Ficheiro de citações bibliográficas sobre a obra de Fernando Pessoa

Quimera

«Uma vez caído neste abismo de desalento, julgaríamos que o poeta só teria o refúgio da semi-inconsciência em que o tédio se adelgaça até quase não doer [...]. Mas a poesia de Fernando Pessoa tem outra face, esta heróica, em que se procura superar o tédio pela intuição dum destino supra-individual. É a poesia da Mensagem. Em Campos e na Mensagem surpreendemos a oscilação dum mesmo espírito entre a desistência e o sonho a que se chama fé. Campos vê na sua melancolia a melancolia de um povo que teve um Império e o perdeu, ficando sem objecto para a sua ânsia e até sem forças para desejar. «Pertenço a um género de Portugueses / Que depois de estar a Índia descoberta / Ficaram sem trabalho» [...].

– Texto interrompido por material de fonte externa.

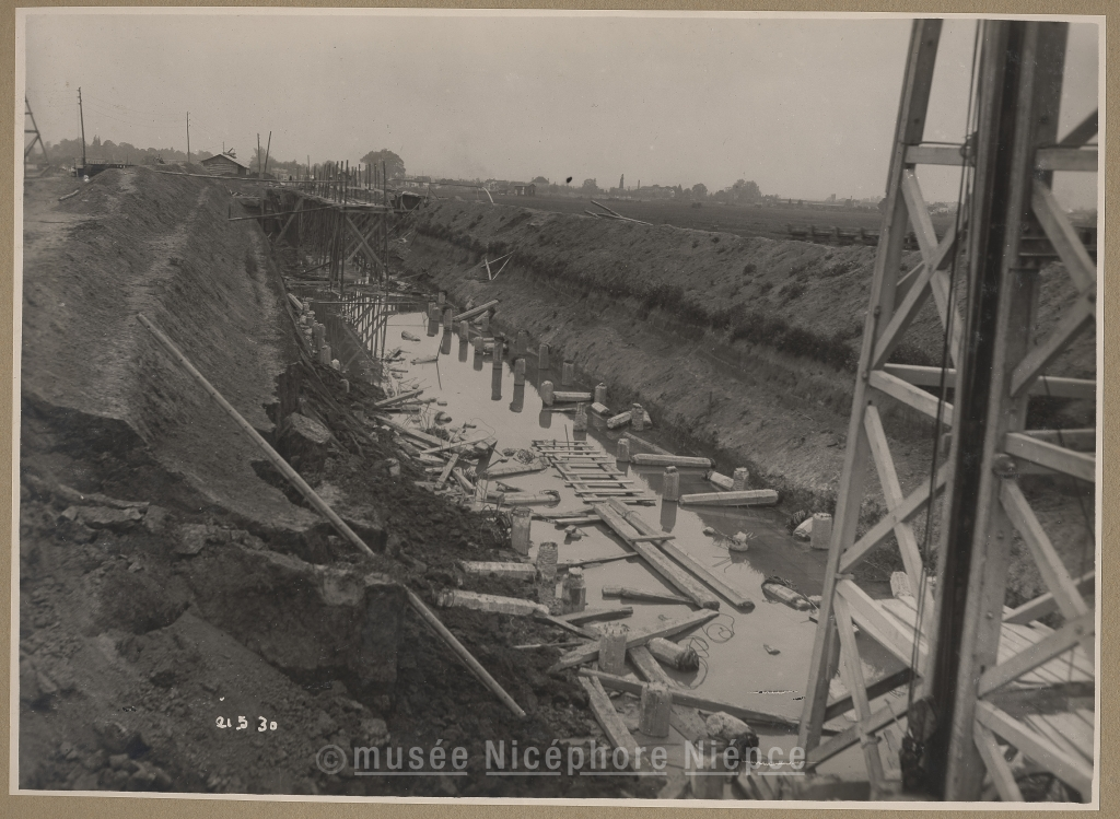 Vues des travaux de la Centrale thermique, au 21 mai 1930.-Petites inondations de mai 1930, avec la digue de la route endommagée. (cette digue fut édifiée en 1929 par la Sté "Formo-Centre") Les travaux de la future soute à charbon

A Índia que o poeta busca, bem o sabe, só há dentro dele. O Longe a que aspira não passa duma quimera: «Viajar ainda é viajar e o longe está sempre onde esteve - / Em parte nenhuma, graças a Deus!» Mas se o poeta afirmar, num desafio quixotesco, a realidade da quimera? Porque não será mais real o que só existe dentro da alma?»
Jacinto do Prado Coelho. Diversidade e Unidade em Fernando Pessoa. Lisboa: Verbo, 1973, p. 127.